## DATA SHOWN:
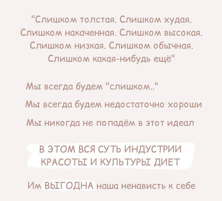 Сейчас все загружены похудением к лету. Кричащие заголовки о похудение, НИЗКОКАЛОРИЙНЫЕ продукты, блогеры продающие чек-листы и обучения о правильном питании и тренировках и многое другое. Этим людям выгодна наша ненависть к себе. Всей индустрии красоты
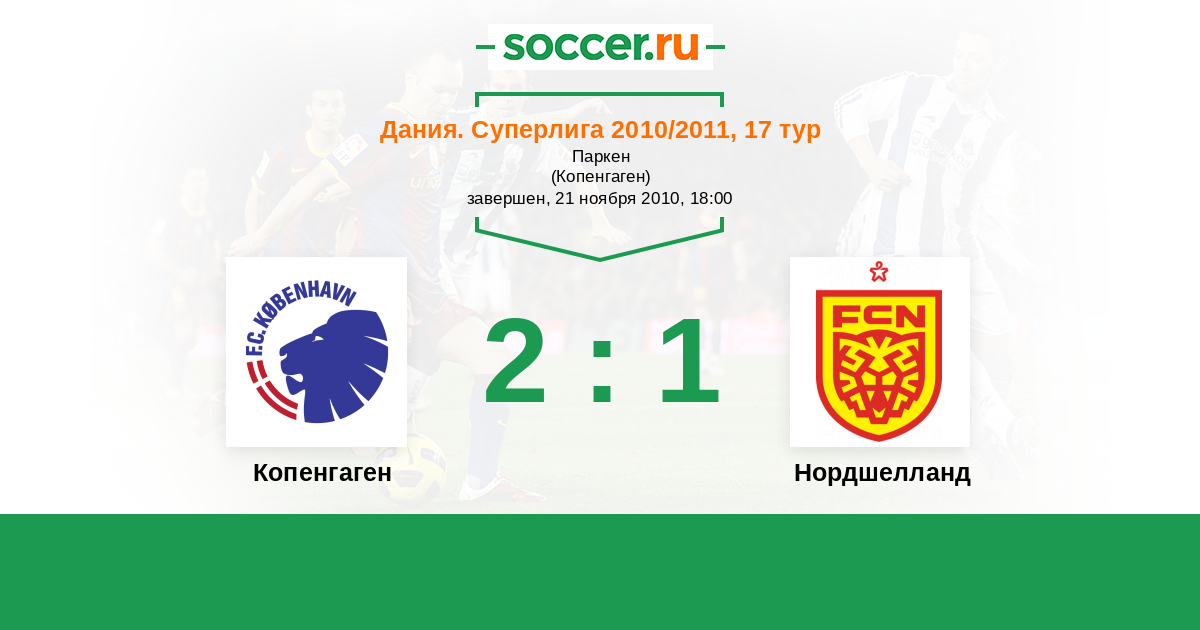 Дания. Суперлига 17.04.2011 Нордшелланд Логотип футбольный клуб Нордшелланд (Фарум) 1:3 Логотип футбольный клуб Копенгаген Копенгаген
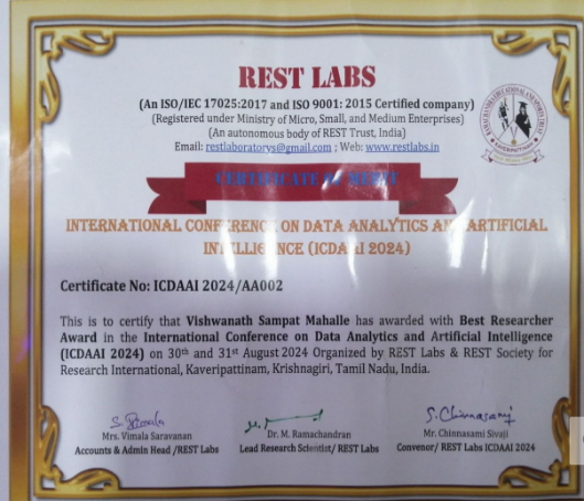 | Best Researcher Award | Prof. V. S. Mahalle Honored with the Best Researcher Award at the International Conference on Data Analytics and Artificial Intelligence (ICDAAI 2024), held on August 30–31, 2024. |
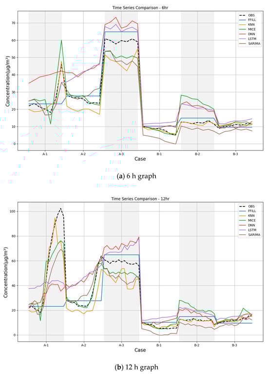 Moreover, actual missing data are more likely to occur continuously rather than in isolated one-hour gaps. Hence, this study evaluated the imputation performance under scenarios where continuous missing periods of 6 h, 12 h, and 24 h were introduced.
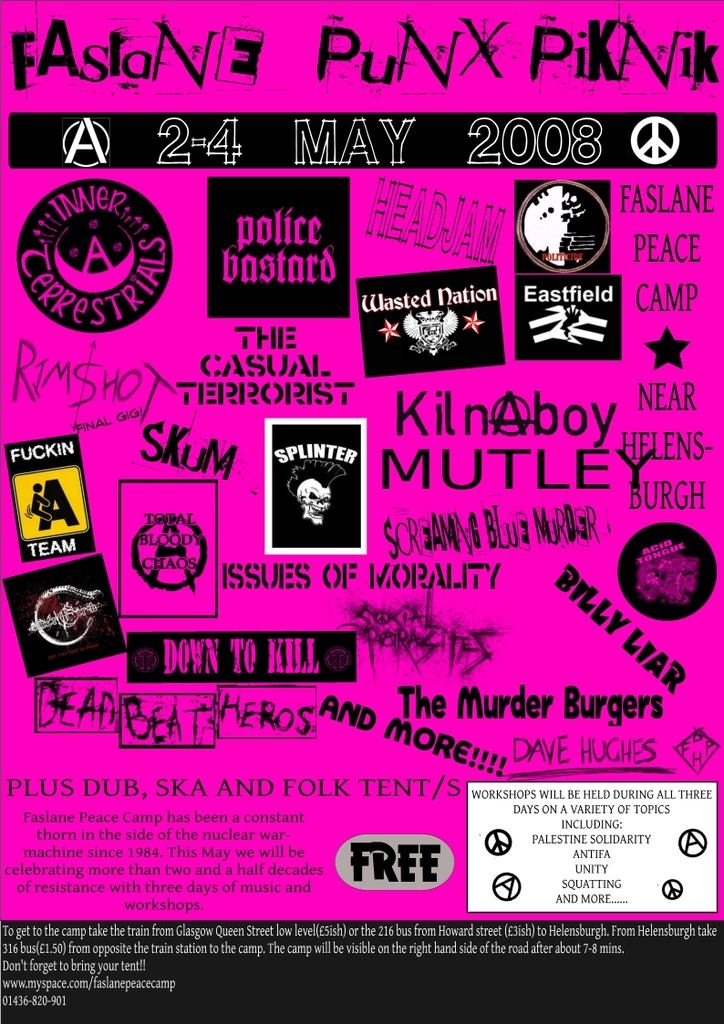 With Benefit gigs up an down the country to help fund this event,Faslane Peace camp invites you all to join us to party + protest- Help kick off a summer of rebellion!!
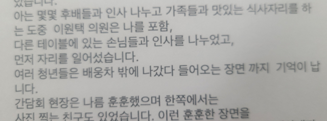 A씨는 "(당시) 가족들과 함께 정읍의 B식당에 식사하러 갔다. 그런데 우연히 이원택 의원과 정읍청년들과의 간담회 현장을 보았다"며 "아는 몇몇 후배들과 인사 나누고 가족들과 맛있는 식사자리를 하는 도중 이원택 의원은 나를 포함, 다른 테이블에 있는 손님들과 인사를 나누었고 먼저 자리를 일어섰다"고 밝혔다.
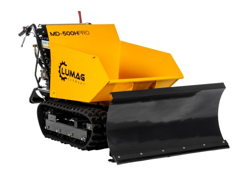 Miniwywrotki marki Lumag Germany sprawdzają się w najtrudniejszych warunkach dzięki wytrzymałej konstrukcji i wysokiej jakości materiałów. Budowa wywrotek pozwala na osiągnięcie dużej wydajności oraz sprawności. Gąsienicowa miniwywrotka MD500H-PRO z hydrauliczną wywrotką dzięki swym wymiarom może być swobodnie używana w budynkach i w wąskich przejściach, przejazdach. Ładowność wynosi 500 kg .
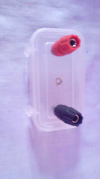Inserte las perillas de salida positivo y negativo encima de la caja y apretado el tornillo fuertemente.
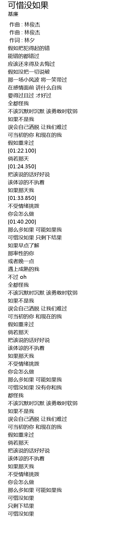| [03:16.830] | 可惜没如果 没有你和我 |
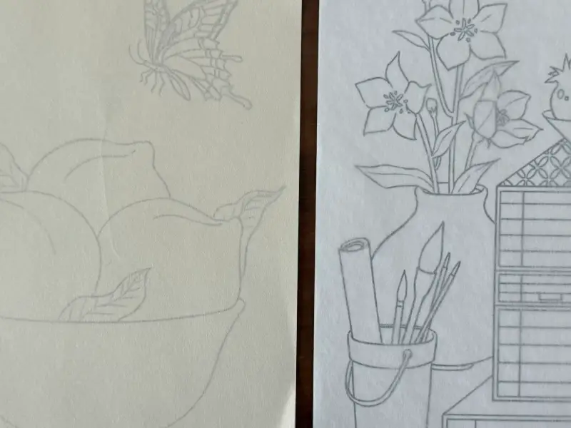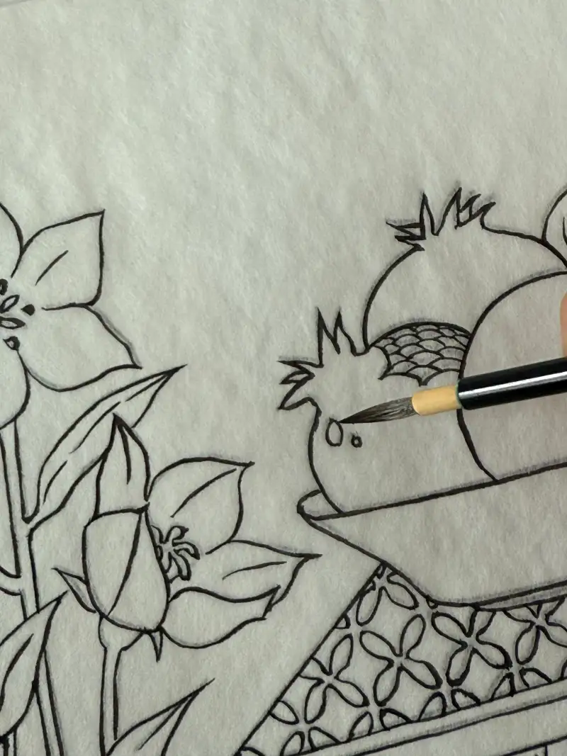 민화는 스케치를 아래에 두고 먹(물감)으로 바로 선을 따거나
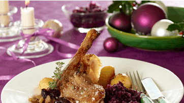 Læg anden på rist over bradepanden med ryggen opad. Sæt den i ovnen ca. 15 min. ved 225°. Vend anden, hæld ½ l vand ved og steg den ca. 2 timer ved 160°. Stik i den tykke del af låret, kød-saften skal være klar.
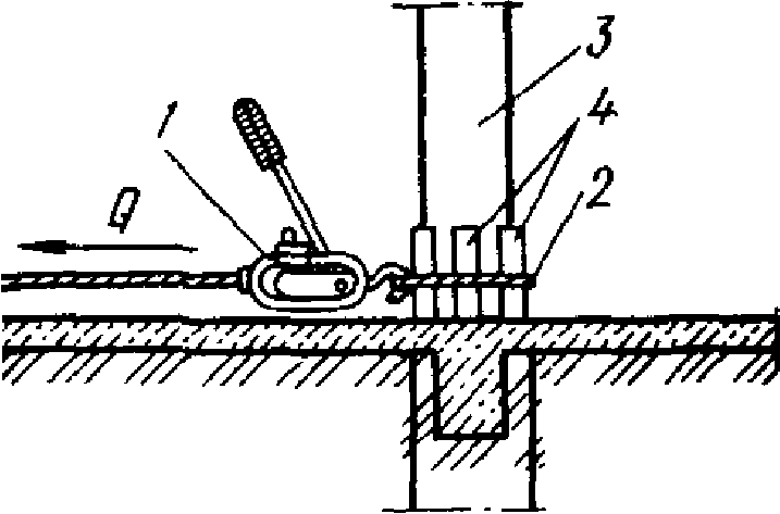 T - усилие в тросе, идущем на лебедку, кН; Q - масса
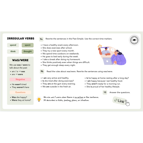This engaging A1–A2 lesson helps students talk about healthy habits while practising the Past Simple tense. Students explore everyday routines such as doing exercises, eating healthy food, getting enough sleep, and spending time outdoors through reading, speaking, and interactive tasks.
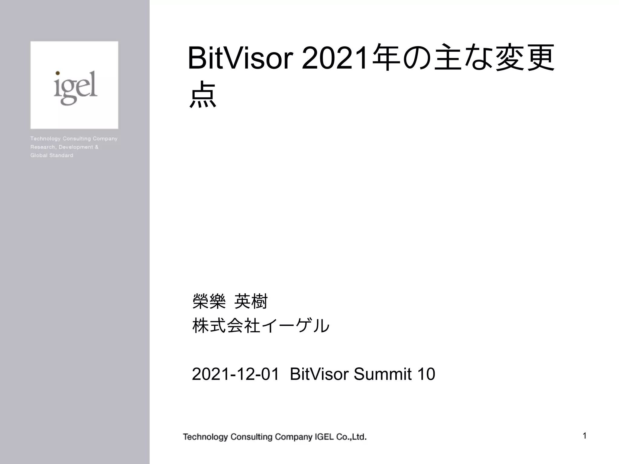 2021年は、大規模PC環境向けOS配信管理ソリューションの開発に伴い、BitVisorに含まれていた細かい問題が修正されました。変更内容には、10コア20スレッド対応、ヒープ割り当て改善などが含まれます。これらの変更内容について紹介します。
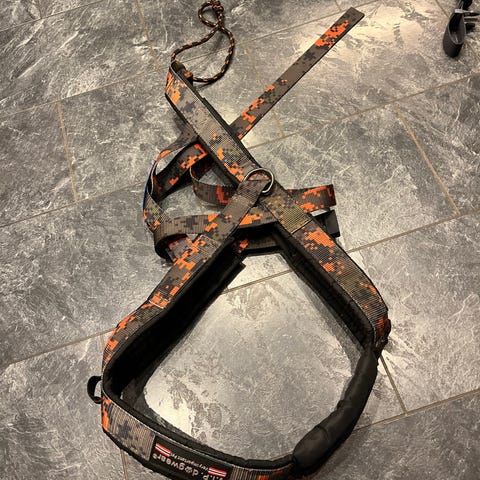 Selger en praktisk og slitesterk hundesele i svart med blå detaljer. Selen er godt polstret og gir god komfort for hunden, samtidig som den sitter stabilt ,brukt veldig lite .
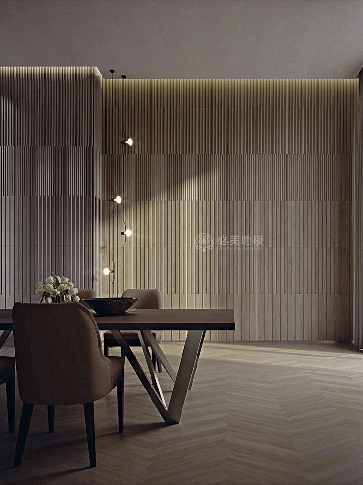 必美3D護墻板極具個性特色的模塊化拼接,精細于形,品質與藝術共存,視覺動線界面呈流暢線條趨勢,多樣化材質、原色配置方式,在循序漸進的藝術美學中,筑就墻地一體化空間格調。
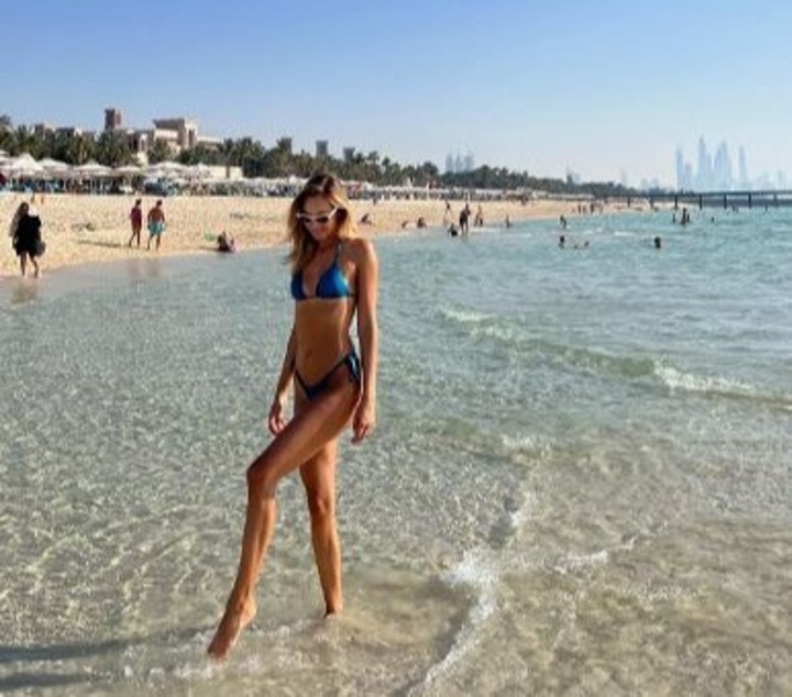 In her latest snap, Viktoria could be seen relaxing in a blue bikini on the beach as she took in the sun.
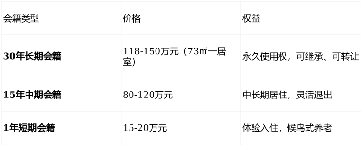 收费灵活透明:会籍118万起,月费8600元起,可继承可转让
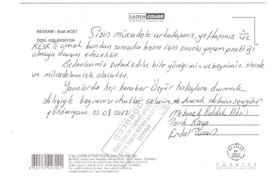 SES Antalya Şubemize bir bayram kartı gönderdi. "Bedenlerimiz tutsak edilse bile yüreğimiz ve beynimiz sizinle ve mücadelemizle olacaktır" diyerek tutm SES Antalya Şubesi üyelerinin bayramını kutladıklarını belirttiler.
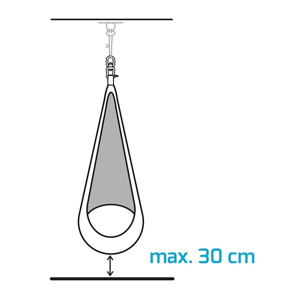Снаружи подвесное кресло изготовлено из особо прочного чистого хлопка - без ворса, пригодного для стирки при 30 °C.

## WHAT YOU NEED TO DO:
Repeat the material above word for word; no images go in the copy.

## WRITTEN ANSWER:
 Сейчас все загружены похудением к лету. Кричащие заголовки о похудение, НИЗКОКАЛОРИЙНЫЕ продукты, блогеры продающие чек-листы и обучения о правильном питании и тренировках и многое другое. Этим людям выгодна наша ненависть к себе. Всей индустрии красоты
 Дания. Суперлига 17.04.2011 Нордшелланд Логотип футбольный клуб Нордшелланд (Фарум) 1:3 Логотип футбольный клуб Копенгаген Копенгаген
 | Best Researcher Award | Prof. V. S. Mahalle Honored with the Best Researcher Award at the International Conference on Data Analytics and Artificial Intelligence (ICDAAI 2024), held on August 30–31, 2024. |
 Moreover, actual missing data are more likely to occur continuously rather than in isolated one-hour gaps. Hence, this study evaluated the imputation performance under scenarios where continuous missing periods of 6 h, 12 h, and 24 h were introduced.
 With Benefit gigs up an down the country to help fund this event,Faslane Peace camp invites you all to join us to party + protest- Help kick off a summer of rebellion!!
 A씨는 "(당시) 가족들과 함께 정읍의 B식당에 식사하러 갔다. 그런데 우연히 이원택 의원과 정읍청년들과의 간담회 현장을 보았다"며 "아는 몇몇 후배들과 인사 나누고 가족들과 맛있는 식사자리를 하는 도중 이원택 의원은 나를 포함, 다른 테이블에 있는 손님들과 인사를 나누었고 먼저 자리를 일어섰다"고 밝혔다.
 Miniwywrotki marki Lumag Germany sprawdzają się w najtrudniejszych warunkach dzięki wytrzymałej konstrukcji i wysokiej jakości materiałów. Budowa wywrotek pozwala na osiągnięcie dużej wydajności oraz sprawności. Gąsienicowa miniwywrotka MD500H-PRO z hydrauliczną wywrotką dzięki swym wymiarom może być swobodnie używana w budynkach i w wąskich przejściach, przejazdach. Ładowność wynosi 500 kg .
Inserte las perillas de salida positivo y negativo encima de la caja y apretado el tornillo fuertemente.
| [03:16.830] | 可惜没如果 没有你和我 |
 민화는 스케치를 아래에 두고 먹(물감)으로 바로 선을 따거나
 Læg anden på rist over bradepanden med ryggen opad. Sæt den i ovnen ca. 15 min. ved 225°. Vend anden, hæld ½ l vand ved og steg den ca. 2 timer ved 160°. Stik i den tykke del af låret, kød-saften skal være klar.
 T - усилие в тросе, идущем на лебедку, кН; Q - масса
This engaging A1–A2 lesson helps students talk about healthy habits while practising the Past Simple tense. Students explore everyday routines such as doing exercises, eating healthy food, getting enough sleep, and spending time outdoors through reading, speaking, and interactive tasks.
 2021年は、大規模PC環境向けOS配信管理ソリューションの開発に伴い、BitVisorに含まれていた細かい問題が修正されました。変更内容には、10コア20スレッド対応、ヒープ割り当て改善などが含まれます。これらの変更内容について紹介します。
 Selger en praktisk og slitesterk hundesele i svart med blå detaljer. Selen er godt polstret og gir god komfort for hunden, samtidig som den sitter stabilt ,brukt veldig lite .
 必美3D護墻板極具個性特色的模塊化拼接,精細于形,品質與藝術共存,視覺動線界面呈流暢線條趨勢,多樣化材質、原色配置方式,在循序漸進的藝術美學中,筑就墻地一體化空間格調。
 In her latest snap, Viktoria could be seen relaxing in a blue bikini on the beach as she took in the sun.
 收费灵活透明:会籍118万起,月费8600元起,可继承可转让
 SES Antalya Şubemize bir bayram kartı gönderdi. "Bedenlerimiz tutsak edilse bile yüreğimiz ve beynimiz sizinle ve mücadelemizle olacaktır" diyerek tutm SES Antalya Şubesi üyelerinin bayramını kutladıklarını belirttiler.
Снаружи подвесное кресло изготовлено из особо прочного чистого хлопка - без ворса, пригодного для стирки при 30 °C.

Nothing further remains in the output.